Император Николай Павлович держался дружески: ведь он частенько бывал за кулисами. Ему нравилось смущать взглядами молоденьких актрисочек, и, как только появлялась хорошенькая, ему об этом непременно докладывали. Впрочем, он и без того любил театр и нынче прибыл в Александринку прежде всего ради добрейшего Ивана Ивановича Сосницкого. Однако дебютантка оказалась премиленькой. И такая непосредственность чувства, какой Николай Павлович уже сто лет при дворе не видал! Таращится на него, словно восхищенное дитя. А он будто солнышко красное, которое вдруг появилось между тучами. Ей-ей, вот только не жмурится, дабы не ослепнуть!

– Я ее знал с пеленок, ваше величество, – забормотал Зотов. – Варя, да ты кланяйся, кланяйся!

Спохватившись, она нырнула в самый глубокий из всех мыслимых реверансов, однако император приподнял за подбородок ее склоненную голову:

– Вы доставили мне сегодня истинное удовольствие, какого я давно не испытывал. Хочу поблагодарить вас за это.

Ей чудилось, он не говорит, а поет, так величаво-мелодично звучал его голос. У людей таких голосов и быть-то не может.
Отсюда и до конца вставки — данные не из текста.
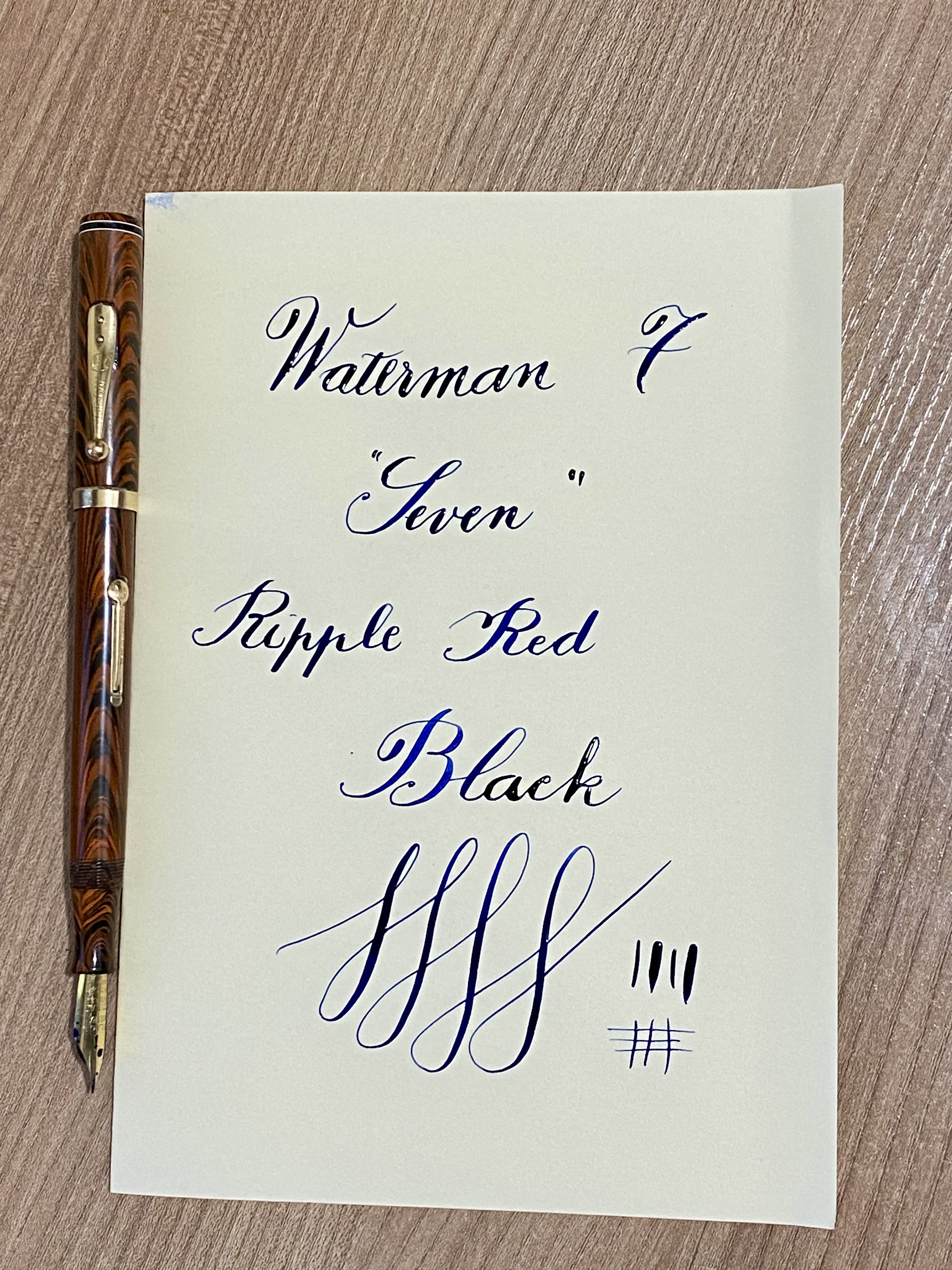 La Waterman 7 oltre ad essere una delle più riuscite realizzazioni in ebanite prodotte da Waterman, in virtù delle sue dimensioni, è una penna che risulta particolarmente pericolosa per noi collezionisti a causa del nuovo sistema di colori utilizzato. Tramite un codice di colori che veniva stampato sul pennino e indicato sul cappuccio con una banda colorata, Waterman identificava dei pennini che a loro parere erano sufficienti a soddisfare le esigenze di tutti gli utenti.

Только у небожителей!

– Ну что вы, ваше величество, – выдохнула Варенька, почти не понимая, что говорит. – Я просто старалась. Я так счастлива вашей похвалой…

– Надеюсь еще не раз наслаждаться вашей игрой, – проговорил Николай Павлович и пошел со сцены, оставив Варю в состоянии восторженного оцепенения. А спустя час после окончания спектакля в дирекции Императорских театров появился посыльный из Зимнего дворца и вручил бархатный футляр и письмо следующего содержания:

25 генваря 1835 г.

№ 434

Министр Императорского Двора, препровождая при сем к г-ну директору Императорских Санкт-Петербургских театров серьги бриллиантовые для подарка, Всемилостивейше пожалованного Российской Актрисе девице Варваре Асенковой, просит серьги сии доставить по принадлежности немедленно и о получении оных уведомить.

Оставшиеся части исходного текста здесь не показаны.